Heniochus pleurotaenia, the phantom bannerfish, is a marine fish belonging to the family Chaetodontidae, native from the central Indo-Pacific area.

==Description==
The phantom bannerfish is a small-sized fish that can reach a maximum length of 17 cm.

Its body is compressed laterally, with the first rays of its dorsal fin stretched in short white feather-like filaments.
The background color is white with light chocolate to dark areas and a brown face mask covering the mouth, eyes and reaches to the base of the first rays of the dorsal fin. Its stretched snout has a small terminal protractile mouth. A little horn adorns the axis between the eyes and a rounded frontal outgrowth gives the impression that the profile of its face is concave.
A second area forms an inverted "v" starting at the ventral fins and ending on the anal fin. A third chocolate area runs from the last rays of the dorsal fin to the base of caudal peduncle.

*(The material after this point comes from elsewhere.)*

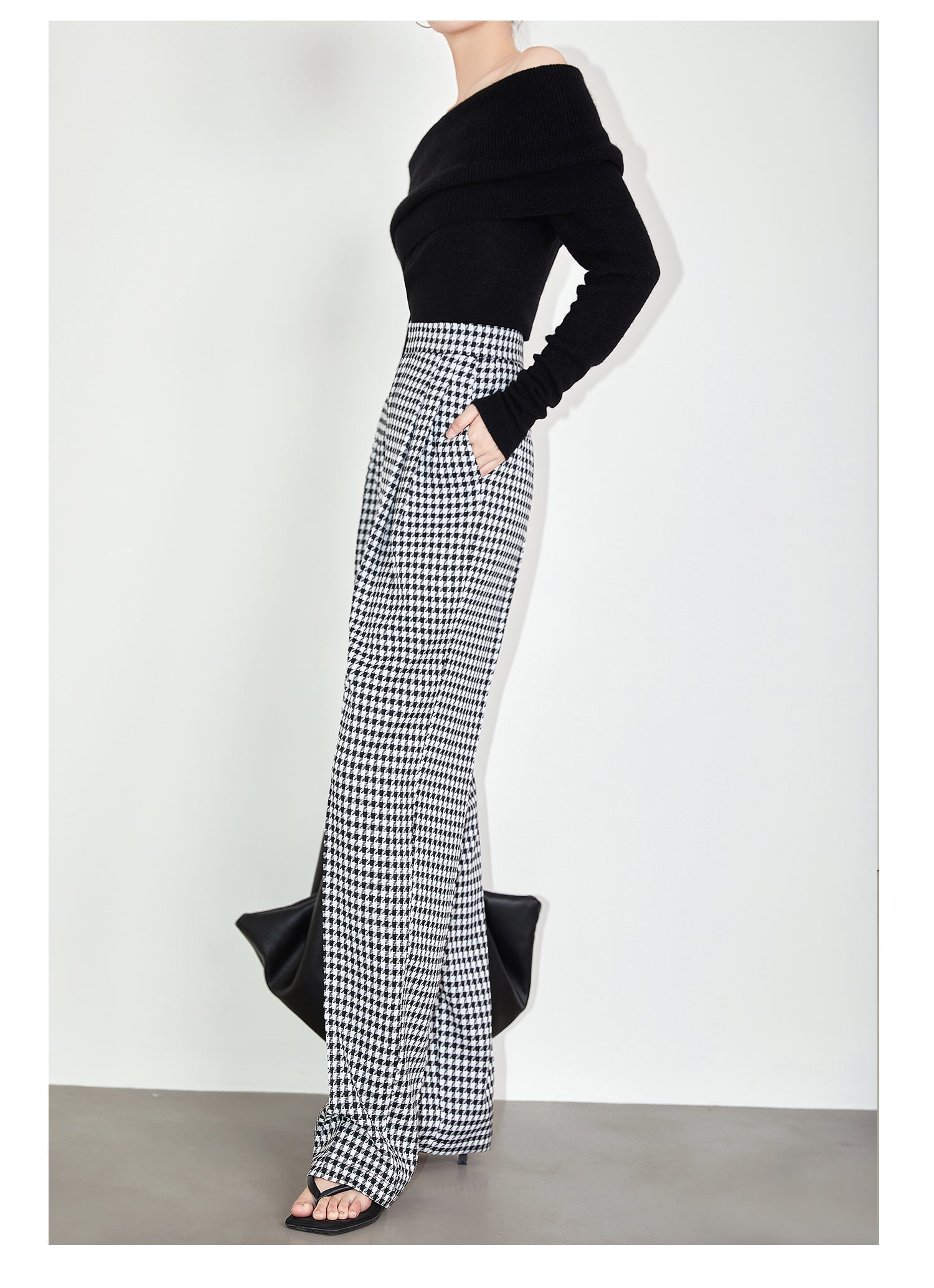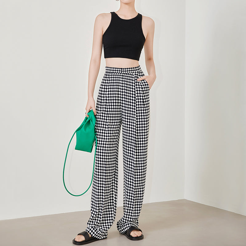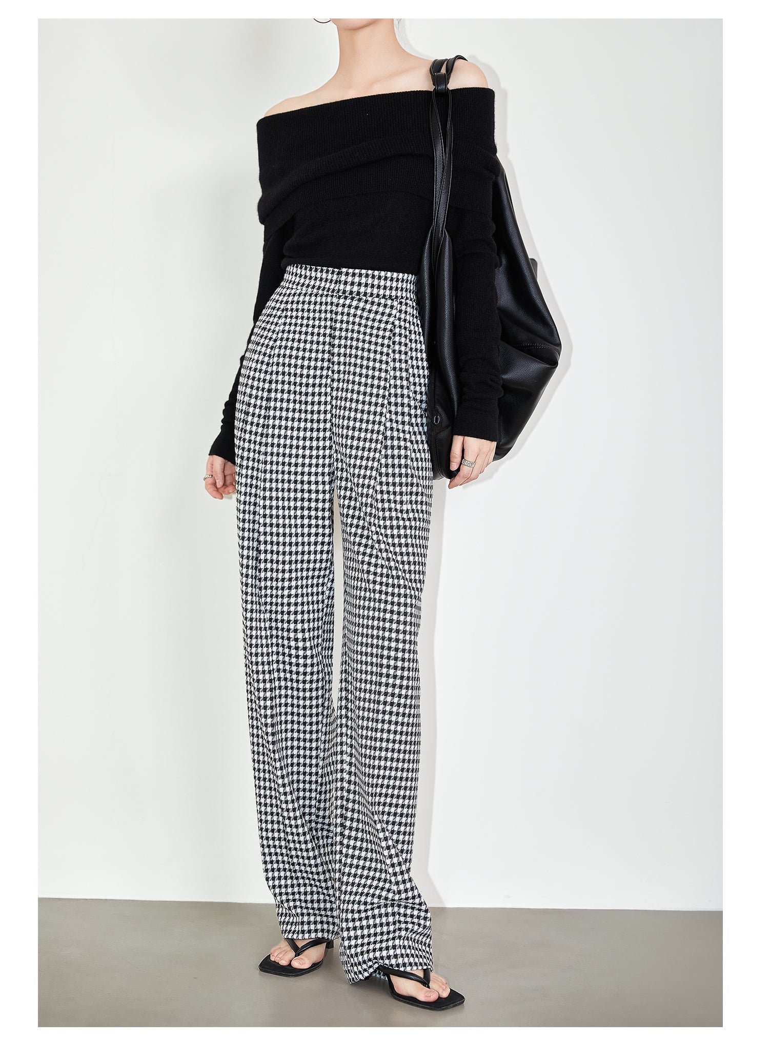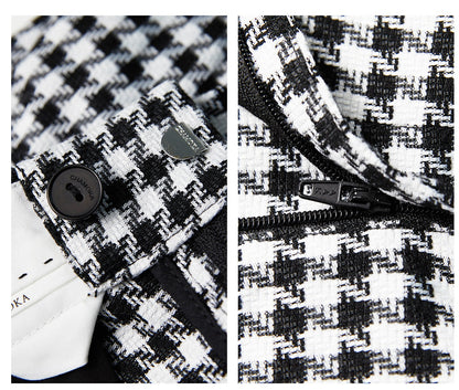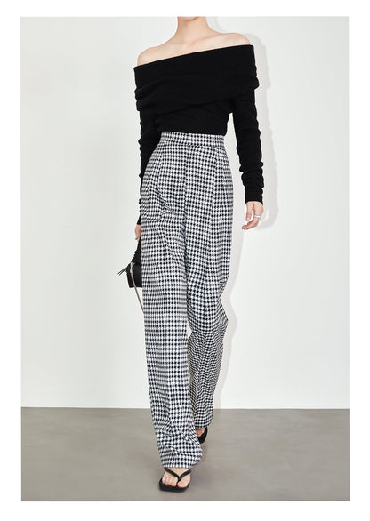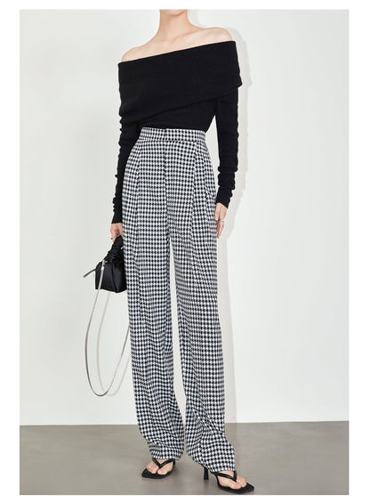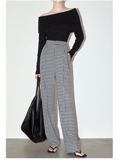 High-quality black white plaid houndstooth casual high-waist pants trouser - Tilda

The phantom bannerfish can be confused with the very similar horned bannerfish, Heniochus varius, which however does not have the reversed "v" pattern on its sides. Juveniles who lack the white insert can be distinguished by the shorter extension of the first rays of the dorsal fin.

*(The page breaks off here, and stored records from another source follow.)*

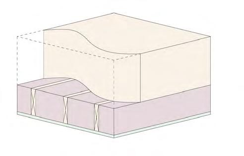 Composed of a thicker layer of concrete on the top side and a Mass Timber panel on the bottom side. The concrete acts as a compression element while the timber acts as the tension element, giving flexural stiffness. TCC floor systems are very efficient and can achieve high span-to-depth ratios.
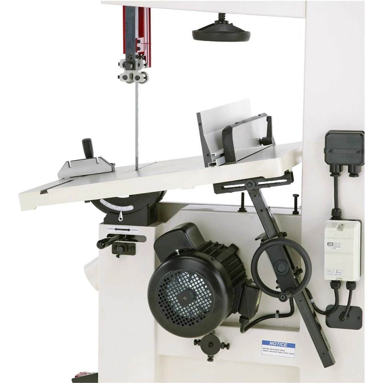 This 21″ Bandsaw has the power and capacity to handle any bandsaw cutting operation with ease. Its 5 HP motor powers blades up to 1-3/8″ wide through the hardest wood up to 14″ tall. Rigidly constructed to tension the widest blades, this bandsaw eats through wood like a mini saw mill. Features include micro-adjusting rack-and-pinion table tilt, ball bearing blade guides, blade tension indicator, foot brake, deluxe fence with 2-position resaw fence attachment, and precision-ground cast-iron table. You couldn’t ask for more.
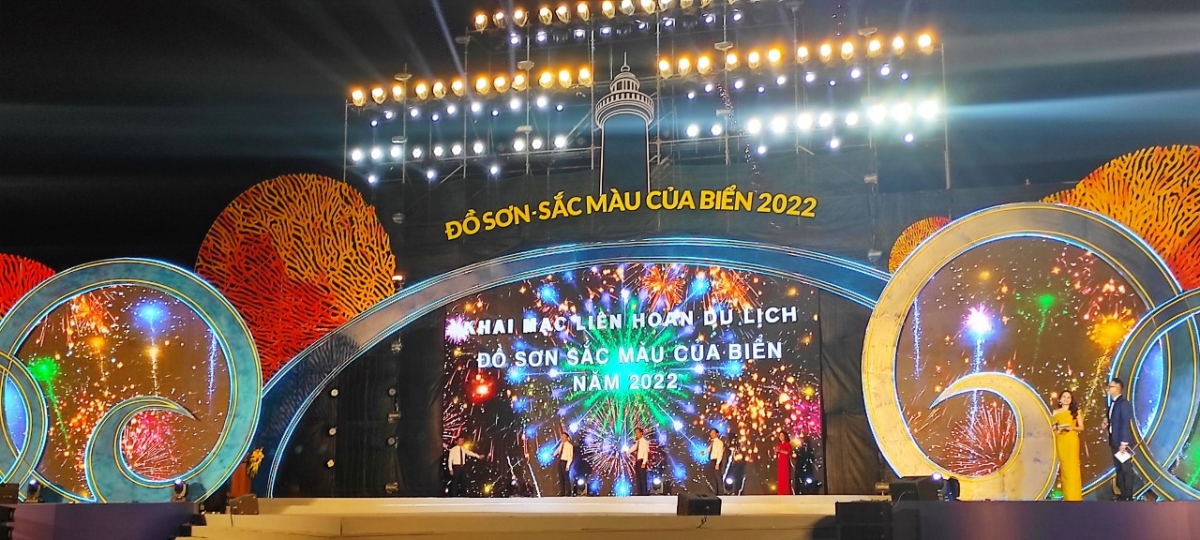 海防市涂山郡人民委员会4月30日晚在龙山国际旅游区举行《2022年海洋色彩》旅游节开幕式。开幕式上围绕《2022年海洋色彩》的艺术表演节目充分展示了当地居民对祖国海洋岛屿的自豪,同时也说明涂山一片土地的活力、生活节奏和特色文化。旅游节期间将举行6个主要活动,其中包括赛龙舟、步行街投入使用、《2022年海洋色彩》艺术表演、古董车陈列和游行、电子音乐节等。
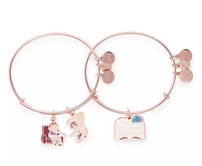 Update your look with this adjustable metal bangle set by Alex and Ani. The enamel Carl and Ellie charms of one bangle reach for each other’s hands while the second bangle features a book opened to the words ”you are my greatest adventure.”
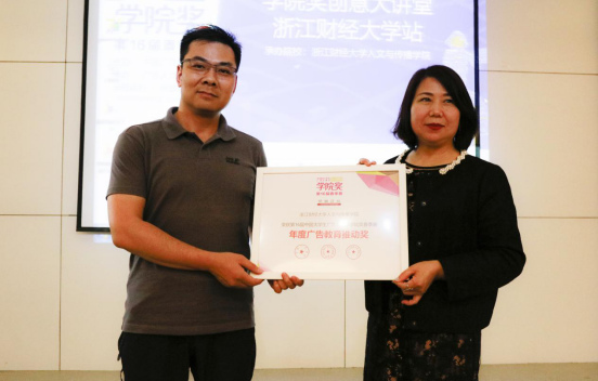 suncitygroup太阳成集团一直致力于培养高素质的广告业人才,并助力学院奖推动广告实战教学的发展。为表示感谢,组委会代表、广告人杂志副主编、广告人学院副院长高鹏铭先生向suncitygroup太阳成集团颁发“年度广告教育推动奖”。广告系陈朝霞副教授作为承办方代表接受荣誉。
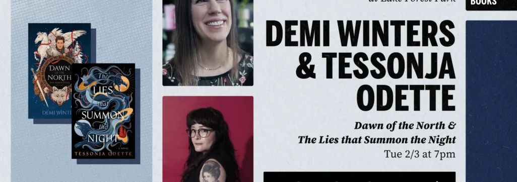 Third Place Books welcomes authors Demi Winters and Tessonja Odette to our Lake Forest Park store for a joint book launch celebration! In Dawn of the North, the latest book in Demi’s Ashen series, prodigal heir Silla returns to restore peace to the kingdom while her sister, held captive on a distant island, fights to return home. Meanwhile, The Lies that Summon the Night transports readers to a world where creative work is forbidden and immortal royals feast on the blood of human artists. Demi and Tessonja will be joined in conversation by Princess of Blood author and friend of the store Sarah Hawley. Tickets are required in advance.
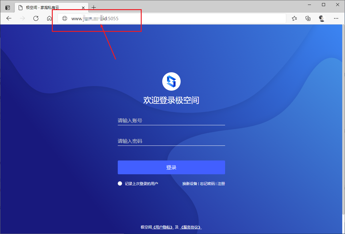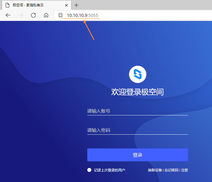 1、我们在电脑的浏览输入,即可进入到极空间的网络访问页面:
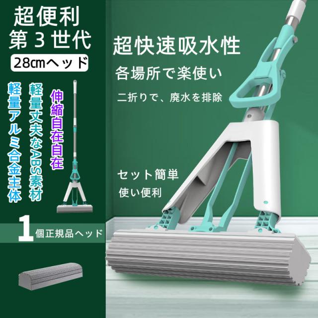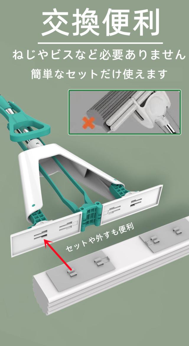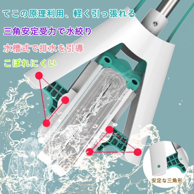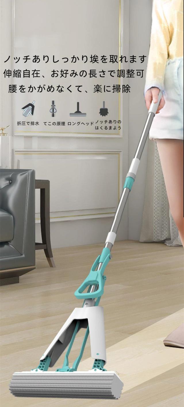 欧米家庭大人気 フロアモップ 手濡らさないモップ 伸縮自在 水拭きモップ 床掃除 吸水力 埃やごみ取りすっきり バスルーム キッチン 純正ヘッド1個 天井 壁 窓結露 ガラス 海外向け輸出
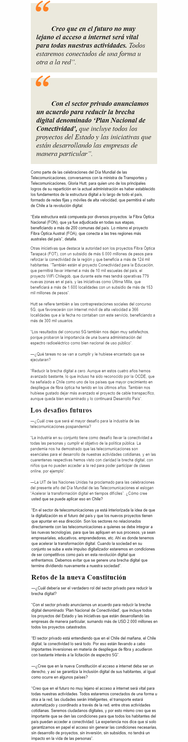 EL MERCURIO – La autoridad destaca el acuerdo sellado con el sector privado para reducir la brecha digital, denominado “Plan Nacional de Conectividad”, que suma más de US$ 2.000 millones en todos los proyectos catastrados.

==Distribution and habitat==
The phantom bannerfish is widespread throughout the tropical and subtropical waters of the central Indo-Pacific from the Maldives to the western coast of Thailand and from the south tip of India to Java (Indonesia). It inhabits areas rich in coral in shallow lagoons and external reef slopes from the surface to a depth of 25 meters.

==Habitat and biology==
Heniochus pleurotaenia is found in coral-rich areas of lagoons and seaward reefs where it occurs in pairs or aggregations. In Indonesia it is normally observed in pairs in coastal waters while in offshore areas these fish may aggregate to create schools and in some areas, such as the Maldives, they can be seen in very large schools. The phantom bannerfish are found at various depths, they are frequently on shallow reef crest which are subject to surge. They seem to prefer mixed algae and coral habitats down to depths of 15 m but are also found in deeper, offshore waters. This is an oviparous species which forms pairs during breeding.

==Conservation status==
In some geographic areas, the phantom bannerfish is occasionally harvested for the aquarium trade, however, the species does not currently appear threatened and is listed as Least Concern (LC) by the IUCN.